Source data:
-=-=-

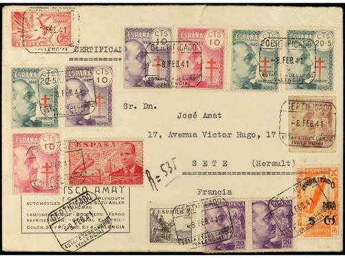 ✉ ESPAÑA. Ed. 936(2), 937(3), 938, 888, etc... Carta certificada con espectacular franqueo de VALENCIA a SETE (FRANCIA) con CENSURA y llegada al reverso. MAGNIFICA. MUY RARA.
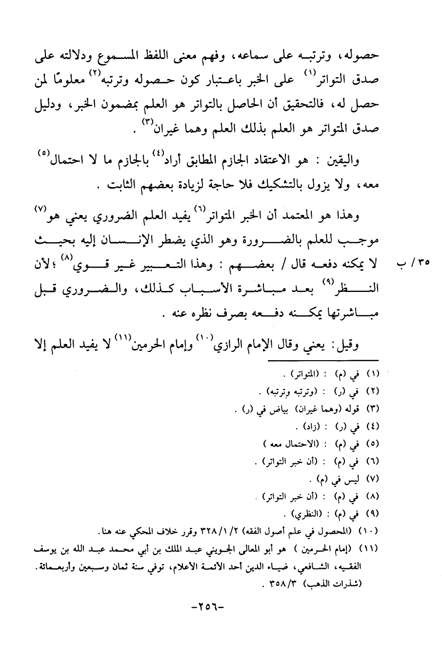وَهَذَا هُوَ الْمُعْتَمد أَن الْخَبَر الْمُتَوَاتر يُفِيد الْعلم الضَّرُورِيّ يَعْنِي هُوَ مُوجب للْعلم بِالضَّرُورَةِ وَهُوَ الَّذِي يضْطَر الْإِنْسَان إِلَيْهِ بِحَيْثُ لَا يُمكنهُ دَفعه قَالَ / بَعضهم: وَهَذَا التَّعْبِير غير قوي؛ لِأَن النّظر بعد مُبَاشرَة الْأَسْبَاب كَذَلِك، والضروري قبل مباشرتها يُمكنهُ دَفعه بِصَرْف نظره عَنهُ.
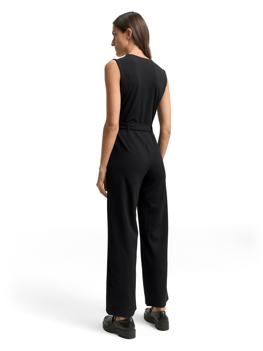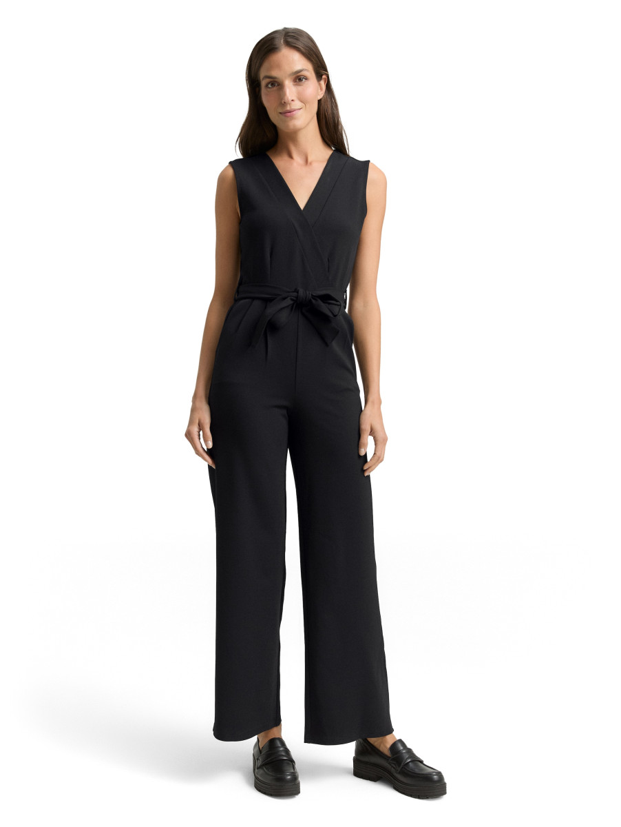 Ärmelloser Overall mit V-Ausschnitt, seitlichen Eingriffstaschen und Bindegürtel. Aus einem strukturierten Krepp-Material.
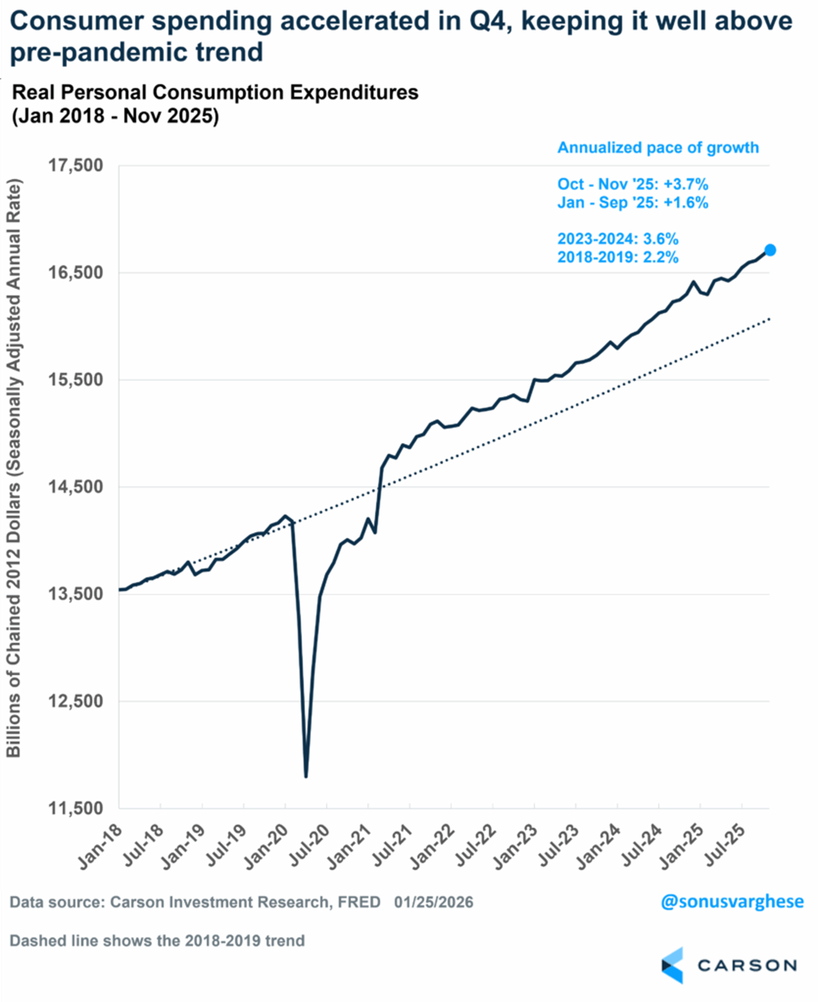 The Fed notably had a much more positive outlook for the economy, a marked shift from six weeks ago. That’s because recent consumer spending data has been solid. Inflation-adjusted “real” personal consumption rose at an annualized pace of 3.7% over the most recent two months for which we have data (October and November).
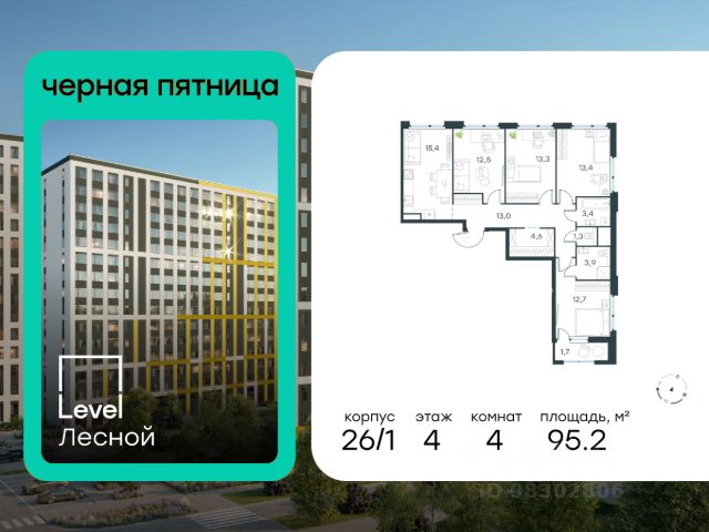Цена указана с учётом скидки при 100%-й оплате, несубсидированной ипотеке, рассрочке (кроме программы "Рассрочка 0%"). Субсидированная семейная ипотека. Полная стоимость кредита 20,963 - 23,237% годовых. Ставка 3,9% годовых. Первоначальный взнос от 20,01%. Сумма кредита до 12 млн. руб. В районе, утопающем в густой зелени лесов, многочисленных парков и скверов, продаётся 4-комнатная квартира площадью 95.20 кв.м с отделкой white box. Квартира расположена на 4 этаже в жилом комплексе комфорт-класса Level Лесной (компания Level Group/Левел групп). Отличная транспортная доступность: - 25 мин. пешком до станции метро "Пятницкое шоссе"; - 28 мин. на автобусе до станции метро и МЦД-2 "Волоколамская"; - 11 мин. на авто до МКАД; - 25 мин. на авто до ТТК. Продуманный архитектурный проект: - Концепция проекта Level Лесной от бюро СПИЧ; - Высотность комплекса до 15 этажей с уникальными видами на лесные массивы и город; - Высота потолков до 3 м; - Современные окна высотой до 1,6 м, в части квартир предусмотрены окна в пол. Высота подоконников 0,6 м; Расположение: Level Лесной строится в зелёной зоне ближайшего Подмосковья, г.о. Красногорск в посёлке Отрадное. Шаговая и автомобильная доступность до метро и больших транспортных артерий города. За 25 минут вы дойдёте до станции метро "Пятницкое шоссе", а за 20 минут на машине сможете доехать до станции метро "Тушинская". Район окружен роскошной зеленью лесов и парковых зон, занимающих территорию свыше 1 000 гектаров. Помимо благоприятной экологии, здесь множество возможностей для активного отдыха и поддержания физической формы. Облагороженная территории с полностью развитой инфраструктурой. На территории проекта находится детский сад и школа "Светлые Горы", которая входит в список лучших частных школ от Forbes Education (по данным на 2023г.). Кроме того, в пешей доступности расположено ещё 8 детских садов, а также запланировано открытие современной муниципальной школы. В непосредственной близости находятся сетевые супермаркеты и локальные магазины, аптеки, клиники, почта, библиотека, салоны красоты, рестораны, спортивные и творческие секции, развивающие детские центры. В 12 минутах пешком расположен торговый парк "Отрада" с продуктовым и строительным гипермаркетами, магазинами, кинотеатром и развлечениями для детей. Внутренняя инфраструктура: Мы знаем, как важно, чтобы магазины и сервисы были всегда рядом. В сданных корпусах Level Лесной уже расположена полностью готовая развитая инфраструктура. На первых этажах корпуса 27 предусмотрено ещё 14 коммерческих помещений. Благоустройство: Продуманное пространство и аура приватного европейского городка рождают чувство лёгкости и расслабления у каждого, кто попадает на территорию проекта. Концепцию общественных площадок разработали в партнёрстве два архитектурных бюро: Highlight Architecture и SCAPE. В безопасных дворах без машин каждый обязательно найдёт себе место для вдохновения, отдыха и спорта.
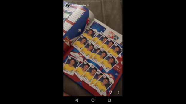 Bruna publicou o momento em que abria os recebidos em seu Stories do Instagram. Na capa, havia uma pergunta: "Bruna, a Panini quer saber: figurinha repetida completa álbum?". Então chegou a hora de abrir as figurinhas. "Eu abri o primeiro saquinho, aí olha a primeira figurinha. Eu falei: 'Meu Deus, não acredito! É muita conexão'", disse a atriz, até perceber que se tratava de uma pegadinha. "É uma cilada, Bino. É um jogo comigo".>
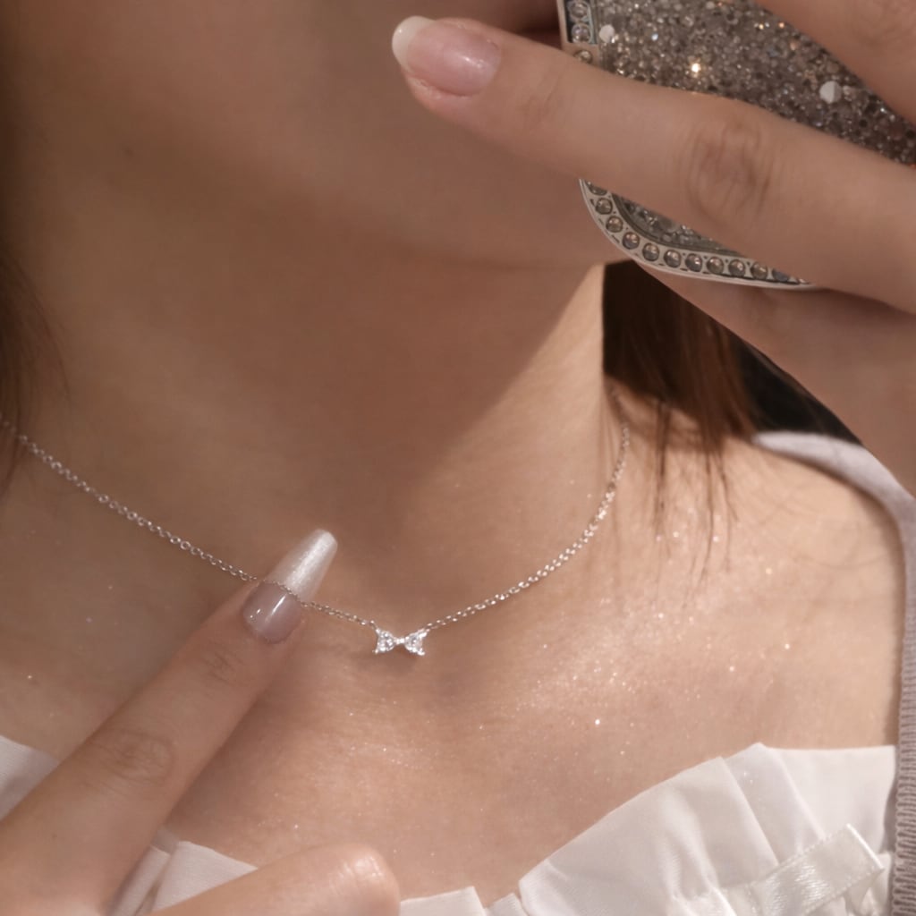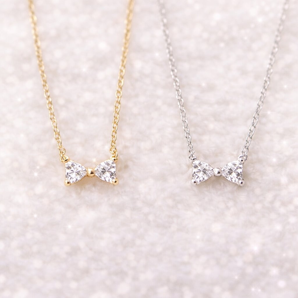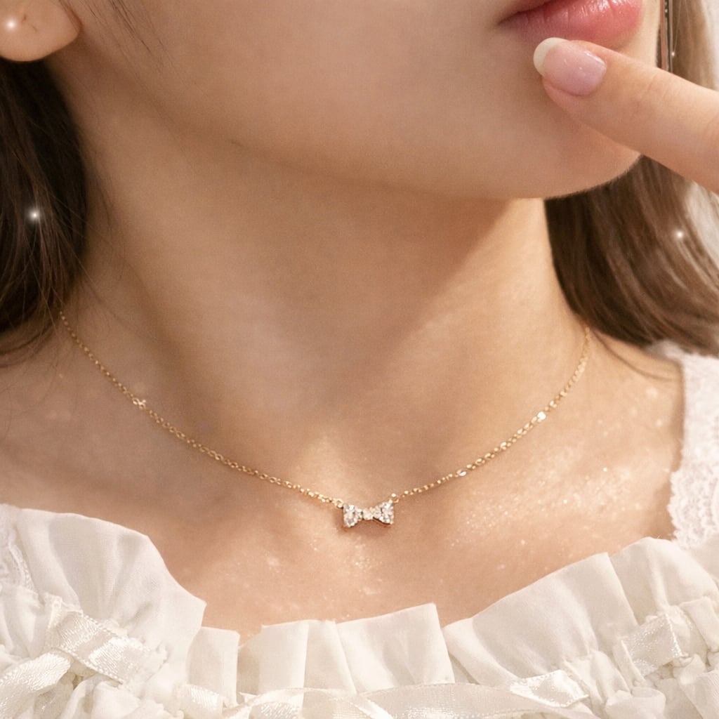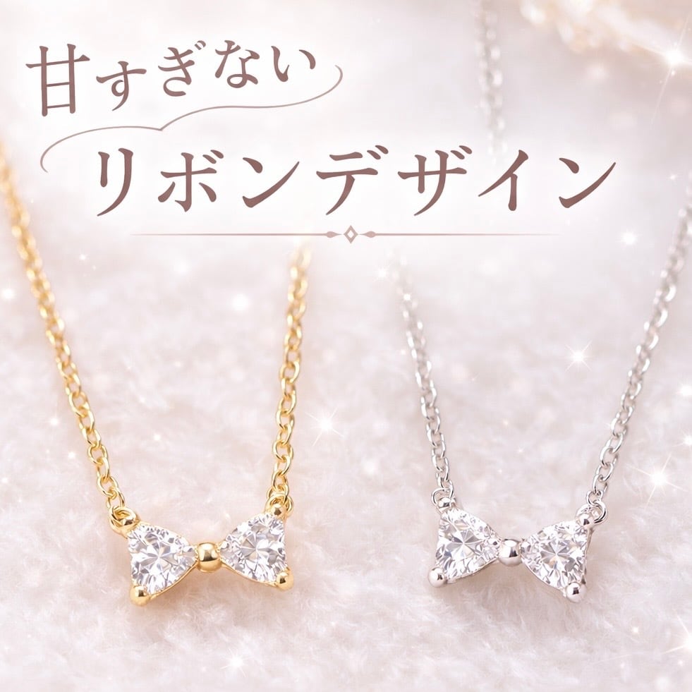 小さなリボンがさりげなく輝く、ミニリボンネックレス。
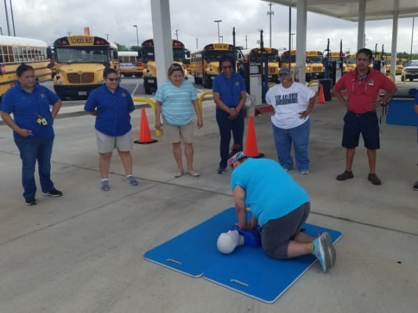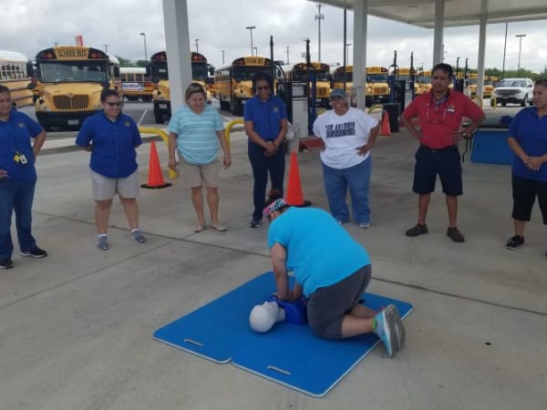 San Antonio Independent School District (ISD) held an engaging training event for its school bus drivers and other staff on June 5. More than 300 employees rotated through 10 stations, including CPR and first aid training.
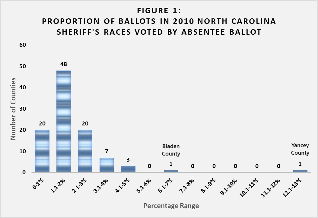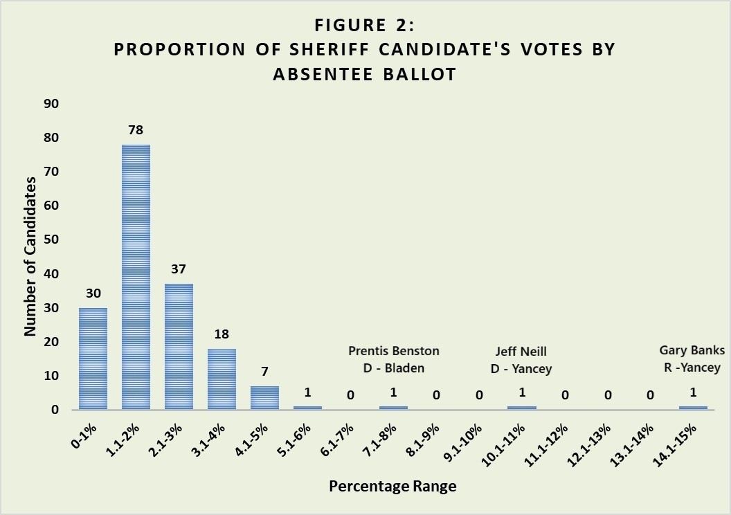 As seen in Figure 2, Gary Banks, the incumbent Republican candidate for sheriff in Yancey County, received a higher proportion of votes by absentee ballot (14.6 percent) than any other candidate for sheriff in North Carolina in 2010. The second-highest proportion was 10.4 percent for Jeff Neill, Banks’ Democratic challenger.
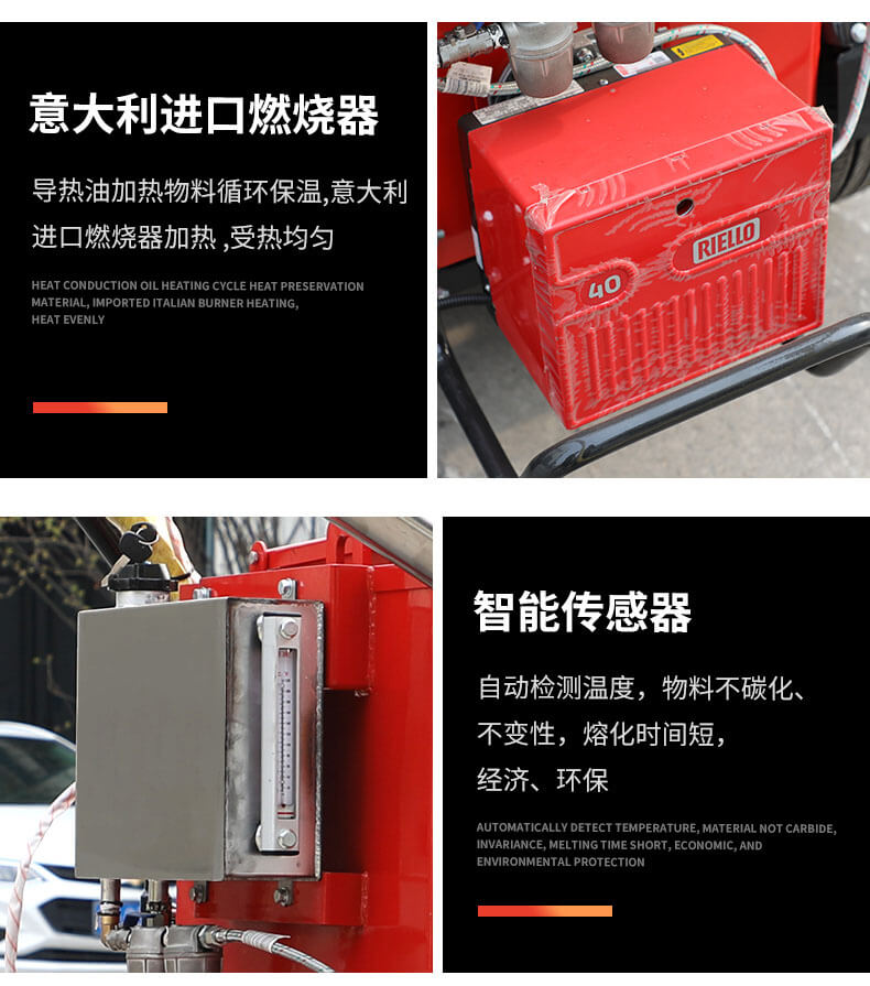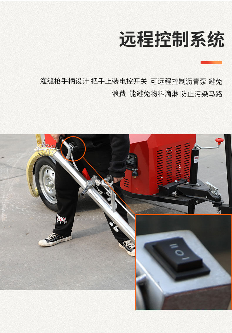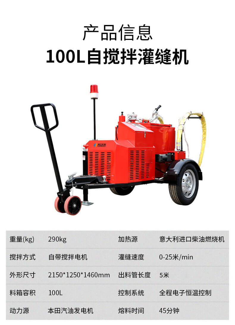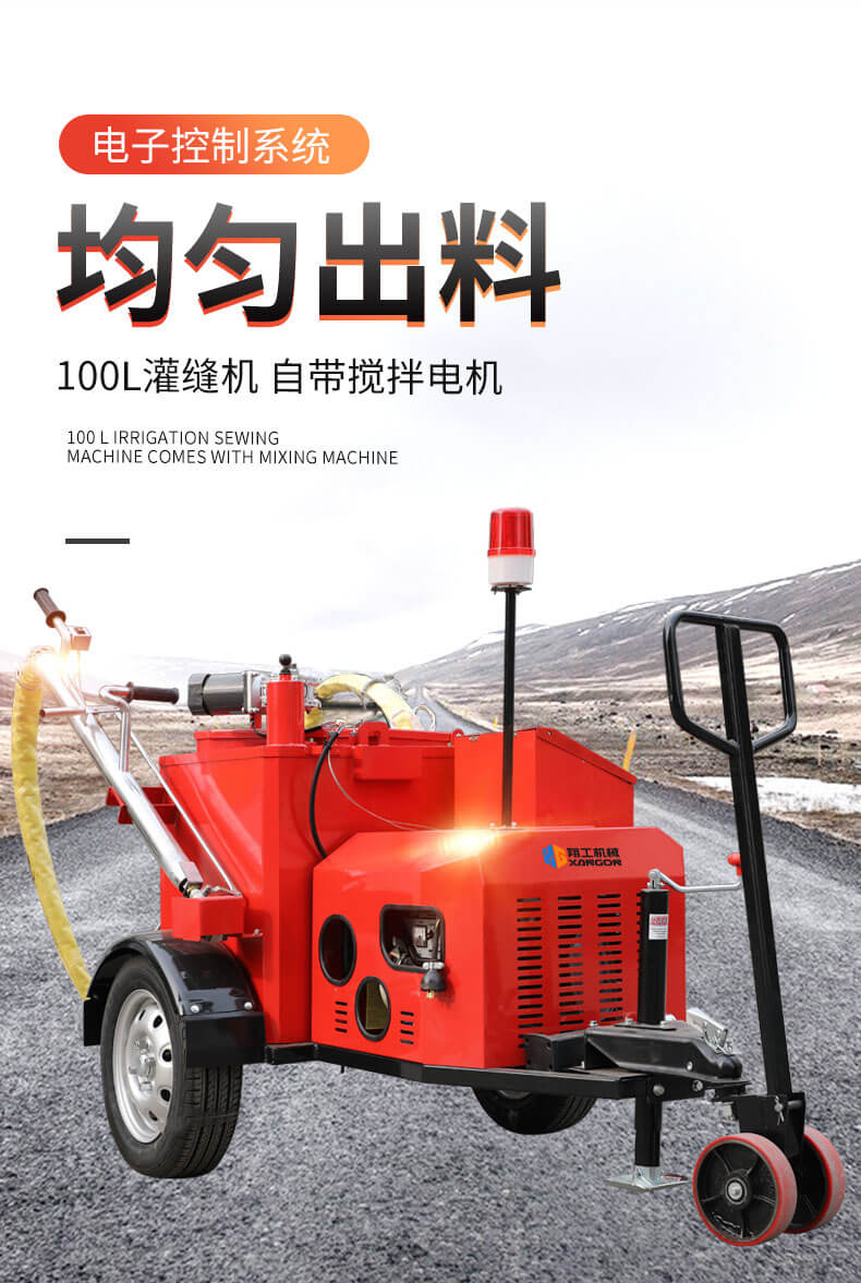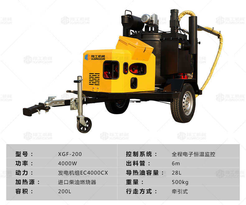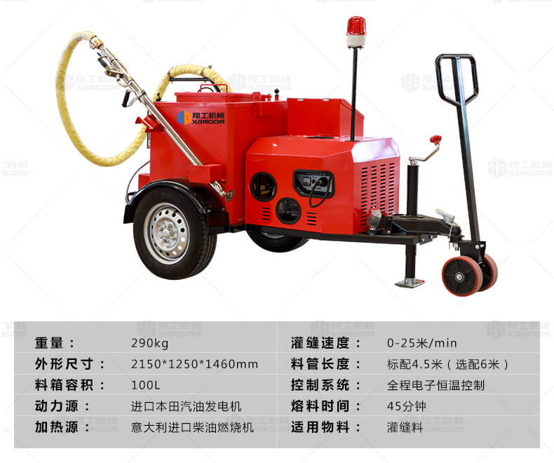 灌縫機主要有手推式和自行式手持灌縫管操作,采用進口柴油燃燒器加熱。在工作時首先在料箱內加入瀝青或灌縫膠,啟動發(fā)電機供電,依次間斷打開導熱油泵開關,燃燒器開關,出料管加熱開關;

-=-=-

§ WHAT THE TASK REQUIRES: Give back exactly the lines above that run from the one with "Ärmelloser Overall mit" to the one with "The Fed notably", including both, with the pictures left out.

§ RESULT OF THIS TASK:
 Ärmelloser Overall mit V-Ausschnitt, seitlichen Eingriffstaschen und Bindegürtel. Aus einem strukturierten Krepp-Material.
 The Fed notably had a much more positive outlook for the economy, a marked shift from six weeks ago. That’s because recent consumer spending data has been solid. Inflation-adjusted “real” personal consumption rose at an annualized pace of 3.7% over the most recent two months for which we have data (October and November).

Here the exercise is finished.